6 min readLiganx team

EGFR C797S: the mutation behind osimertinib resistance

C797S is the mutation that breaks osimertinib's covalent bond. Here's the mechanism, why allelic context decides treatment, and the fourth-generation inhibitors chasing it.

Osimertinib works because it forms a covalent bond to a single cysteine in the EGFR kinase domain: Cys797. Mutate that cysteine to serine and the warhead has nothing to hook onto. That is C797S, the on-target resistance mutation that ends third-generation EGFR therapy for a meaningful slice of patients, and the reason a fourth generation of inhibitors exists at all.

The covalent bond C797S abolishes

Osimertinib carries an acrylamide warhead that undergoes Michael addition with the thiol of Cys797, sitting at the lip of the ATP pocket. That covalent tether is what gives the drug its durable, mutant-selective inhibition. Substituting serine for cysteine removes the reactive thiol, so no covalent bond forms and the drug's residence time collapses to whatever its weak reversible affinity provides, which is not enough.

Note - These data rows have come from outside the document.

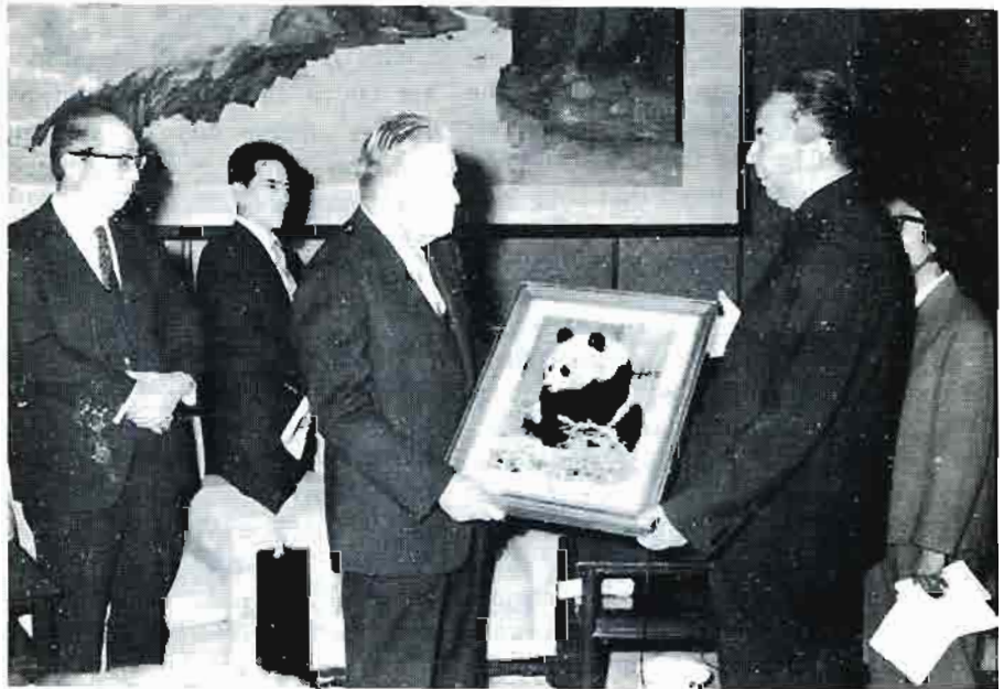
Premier Hua presents Prime Minister Ohira with a photograph of the giant panda Huan Huan which will be sent to Japan as a gift.

Economic and Cultural Co-operation. In the field of economic co-operation, the Japanese Government declared its intention to co-operate to the extent possible in the Shijiusuo Port Construction Project, the Yanzhou-Shijiusuo Railway Construction Project, the Beijing-Qinhuangdao Railway Expansion Project, the Guangzhou-Hengyang Railway Expansion
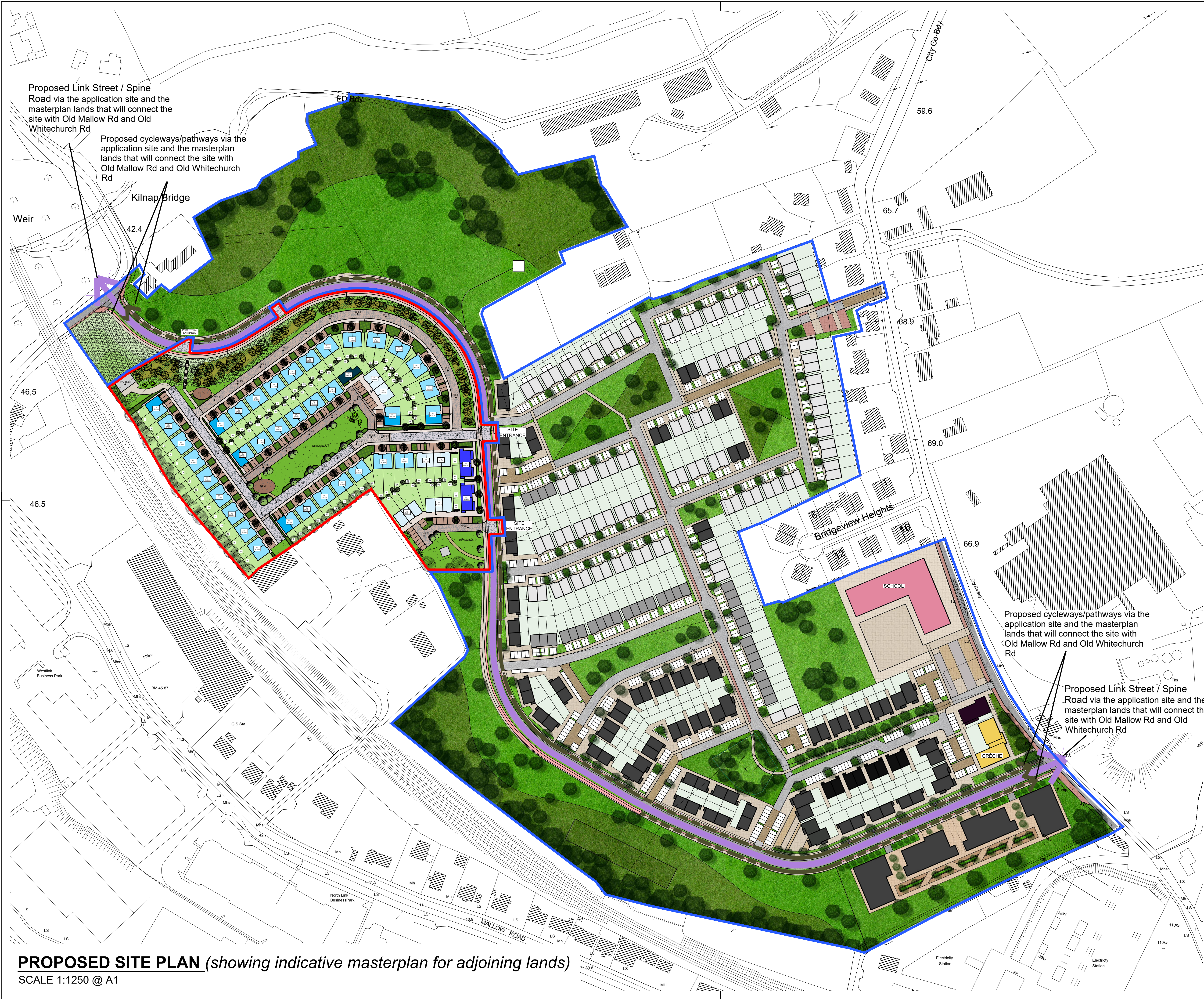
PROPOSED SITE PLAN (showing indicative masterplan for adjoining lands) SCALE 1:1250 @ A1

DO NOT SCALE. WORK TO FIGURED DIMENSIONS ONLY. ALL EXISTING DIMENSIONS TO BE CHECKED ON SITE. DRAWN ON AUTOCAD R2004 AT DEADY GAHAN ARCHITECTS LTD LAYERS ON THIS DRAWING COMPLY WITH BS 1192: PART 5
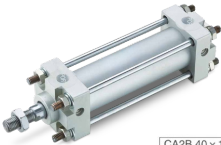
CA2B 40 x 100
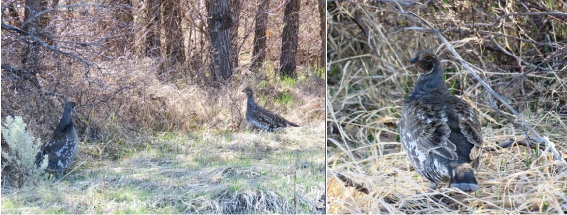
A nice pair and a solitaire male, stole the show...

and a female, at Black Canyon. No display was seen but one time it raised its neck feathers showing its naked skin.
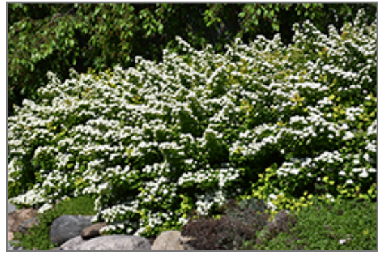
Glow Girl Birch Leaf Spirea in bloom

Glow Girl Birch Leaf Spirea is recommended for the following landscape applications;
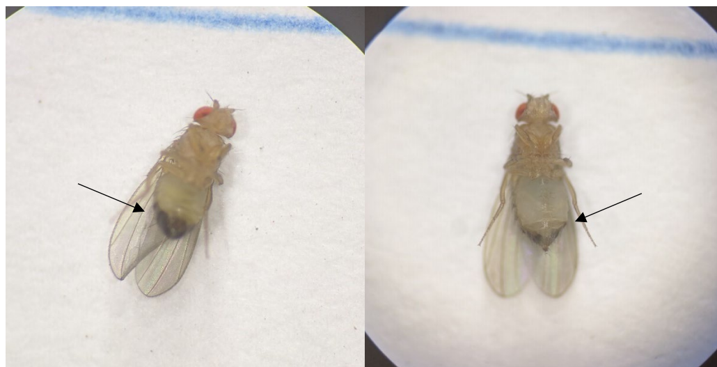
Figure 1a. Male drosophila fly. Notice the darker genitals and smaller size. 1b. Female drosophila fly. Notice the lighter, smooth genitals and larger size.

flies have been included in Figure 1. It should also be noted that female flies are typically larger than male flies, but because this can vary based on genetics, all flies were sexed by flipping the fly over and checking the genitalia.
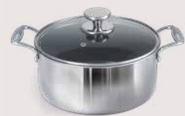
Straight Casserole with Glass Lid
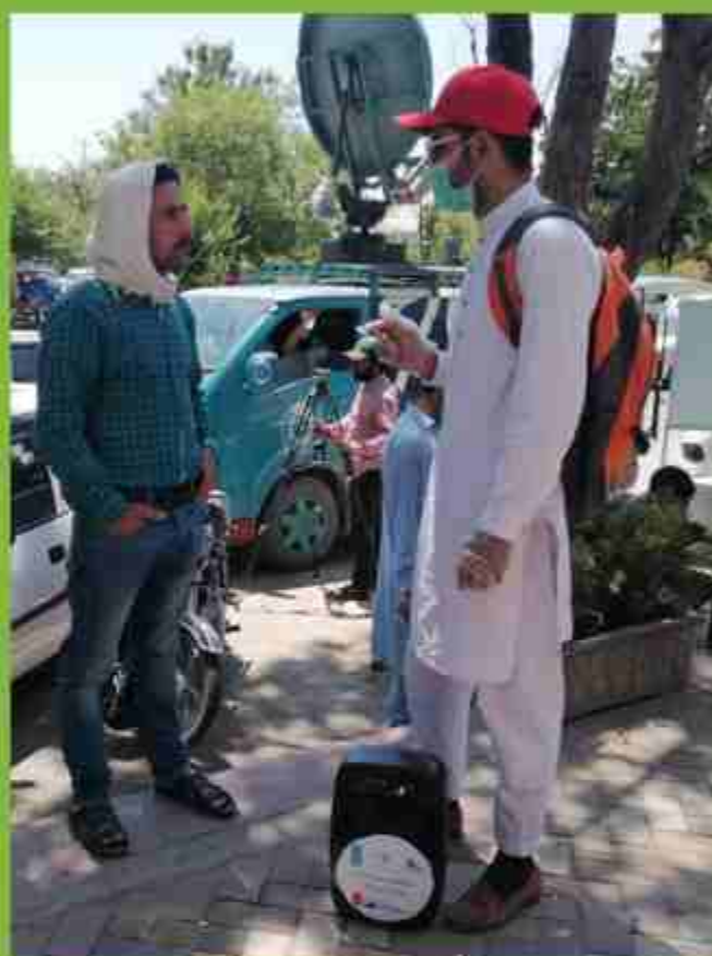
Community resource person delivering session
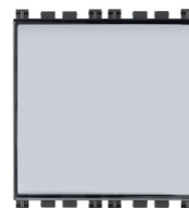
19050 - 1P NO 10A name- plate push button grey
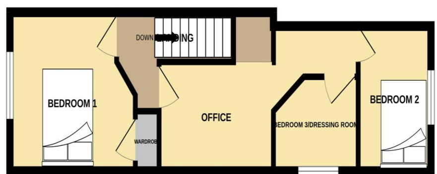
TOTAL FLOOR AREA : 639 sq.ft. (59.4 sq.m.) approx.

Whilst every attempt has been made to ensure the accuracy of the floorplan contained here, measurements of doors, windows, rooms and any other items are approximate and no responsibility is taken for any error, omission or mis-statement. This plan is for illustrative purposes only and should be used as such by any prospective purchaser. The services, systems and appliances shown have not been tested and no guarantee as to their operability or efficiency can be given. Made with Metropix ©2024
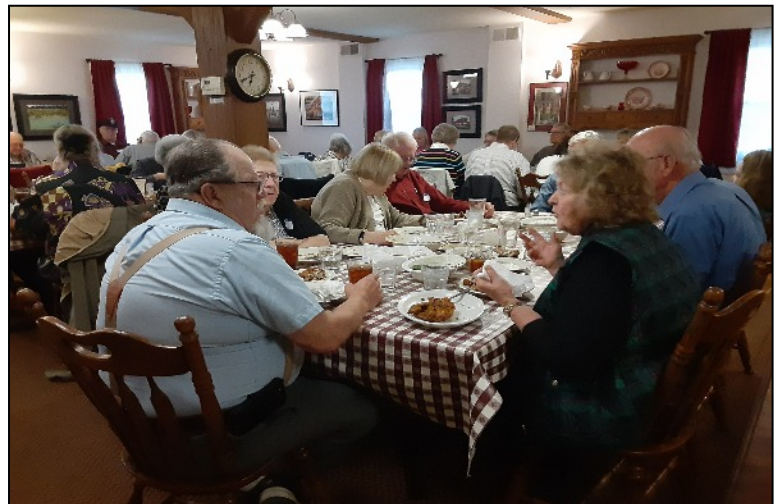
Amana Spring Banquet
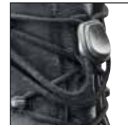
HAIX® Smart Lacing
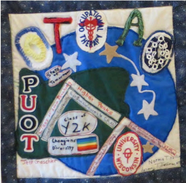
Row 6 (Left to Right)
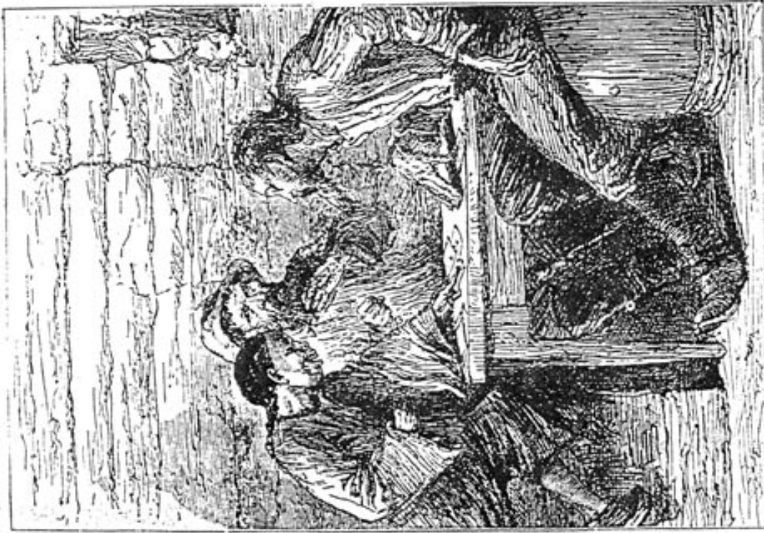
TILL AT LAST HE PUT DOWN A RIGHT BOWER

C797S shows up in roughly 10 to 20% of patients progressing on second-line osimertinib (those who had T790M first) and about 6 to 12% of patients progressing on first-line osimertinib. It was first characterized by Thress and colleagues in 2015, almost as soon as the drug entered wide use.

Why allelic context decides everything

Here is the clinically decisive subtlety: when C797S co-occurs with T790M, whether the two mutations sit on the same allele (cis) or different alleles (trans) changes what can still work.

  • Trans (different alleles) — one allele carries T790M, the other C797S. A first-generation EGFR TKI can hit the C797S allele and a third-generation TKI can hit the T790M allele, so a combination can still suppress the tumor. Niederst et al. (2015) showed this experimentally.
  • Cis (same allele) — T790M and C797S on one molecule. No single approved EGFR TKI, and no first-plus-third-generation combination, restores control. This is the dead end that the fourth-generation programs were built for.

This is why C797S reports increasingly come with allelic phasing from ctDNA, not just a variant call. The geometry of the two side chains in the binding pocket is the whole story, and it is exactly the kind of thing you can look at structurally before committing to a sequencing strategy.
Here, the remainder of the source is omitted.